I only drive for Lyft, but a word of warning to all those Uber drivers who (understandably) avoid driving Pool: You will feel the wrath of Uber some day soon because you are standing in the way of their future business model which heavily favors Pool.

Uber makes a much bigger profit on Pool rides. The extra passengers are basically free money for the company because it's not passed on to drivers. Don't be surprised if Uber becomes more and more "adamant" that its drivers accept as many Pool rides as they can. Perhaps even to the point where Uber no longer lets you know if you're picking up a Pool ride until you've arrived.


----------



## Djc (Jan 6, 2016)

Flarpy said:


> Perhaps even to the point where Uber no longer lets you know if you're picking up a Pool ride until you've arrived.


That would be another lawsuit unless the pool rate was the same as X rate. You'd no idea about compensation upfront before take a job.


----------



## Flarpy (Apr 17, 2016)

What would the cause(s) of action be for that lawsuit? Breach of contract? Uber doesn't really play by the "independent contractor" rules anyway so I'm wondering what a lawsuit would allege.


----------



## uber strike (Jan 10, 2016)

i think that a lot of drivers think that they are earning 2 fares at the same time, but they don't know uber apparently.


----------



## ATX 22 (Jun 17, 2015)

Uber was already doing this in Austin before they left. 2 hour timeouts for drivers for not accepting or cancelling. Most of the non acceptance was pool. They also made pool the default when it was a single rider. You had to say you had 3 pax to get an X ride.


----------



## uberdriverfornow (Jan 10, 2016)

Uber doesnt seem to understand that while on short rides they are making a greater percentage of money vs drivers, they are making less money overall vs two riders riding in separate vehicles. That's why I'm sure they only care about trying to make a higher percentage vs drivers which is absolutely absurd. It's like they only focus on competing against drivers. This is why they will never turn a profit and this is why they are finding it harder and harder to find new investors.

The people running the show have no common sense whatsoever.


----------



## uberdriverfornow (Jan 10, 2016)

How hard is it to understand that you make more money when two riders are taking separate trips ?

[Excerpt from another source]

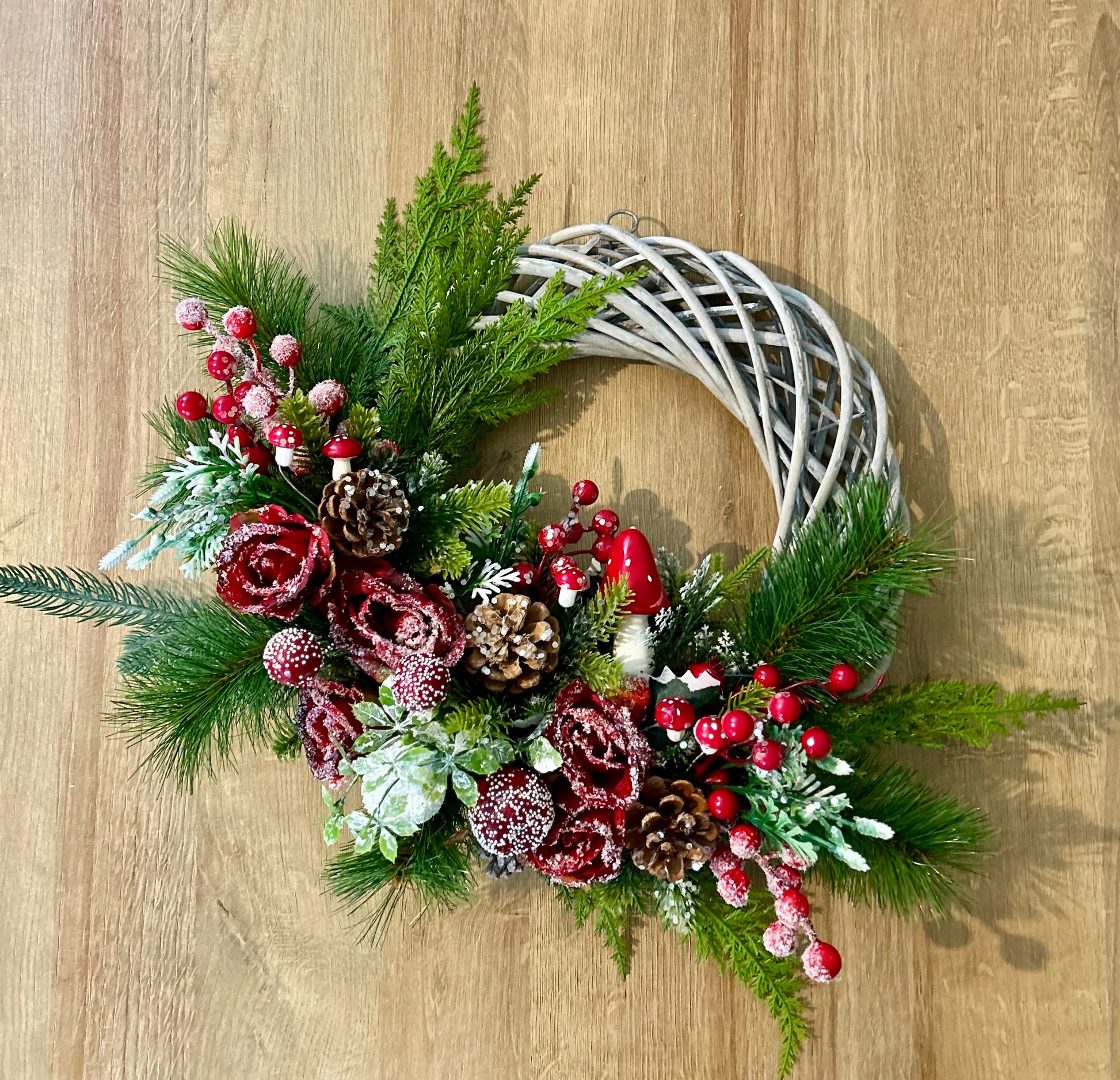 This wreath captures the enchantment of a winter forest with its rich colour palette of deep red, forest green, crisp white, and natural wood tones. The whimsical toadstool accents add a playful, storybook quality that's perfect for creating a magical holiday atmosphere.

Why would you want to push more pool when you make less money ?

It boggles my mind.

I always ask my passengers if they meant to request a pool and 3/4 of them say they didnt. Uber automatically defaults the slider to Uberpool which is absurd.

It's basically our job to educate the passengers on how to move the slider back to UberX. I hope everyone does this.

Just be polite about it. Show them on your Uber rider app. My pax wind up thanking me and I'm sure that makes it easier to get a 5 star.


----------



## JuanMoreTime (Jan 25, 2015)

uberdriverfornow said:


> How hard is it to understand that you make more money when two riders are taking separate trips ?
> 
> Why would you want to push more pool when you make less money ?
> 
> ...


I'll never have the opportunity to teach my passengers that lesson, because I refuse to take POOL rides. 95% of them are unprofitable, so I'd rather be kicked offline and drive Lyft until I get a profitable ping from Uber.


----------



## Uberdummy (Apr 6, 2016)

Every driver every single time needs to refuse pool rides until they do away with it. STUPID drivers that act like sheep is why this crap keeps happening.


----------



## uberdriverfornow (Jan 10, 2016)

Just to be clear, Uber makes a greater percentage vs drivers on pool rides, but at the same EXACT time they are also making less money overall on all rides. 

Uber doesn't seem to realize that. They think by making a higher percentage vs drivers on pool rides somehow that translates into higher profit and earning. It does not. But they don't care 'cause all they care about is competing against drivers percentage-wise.


----------



## Hugo (Oct 13, 2015)

In part because of our Pool cancellations, Uber has to be aware of how much we hate Pool. My hunch: Uber ignores how we feel about Pool because Pool will be Uber's first service to be transitioned to driverless cars.


----------



## melusine3 (Jun 20, 2016)

uberdriverfornow said:


> Uber doesnt seem to understand that while on short rides they are making a greater percentage of money vs drivers, they are making less money overall vs two riders riding in separate vehicles. That's why I'm sure they only care about trying to make a higher percentage vs drivers which is absolutely absurd. It's like they only focus on competing against drivers. This is why they will never turn a profit and this is why they are finding it harder and harder to find new investors.
> 
> The people running the show have no common sense whatsoever.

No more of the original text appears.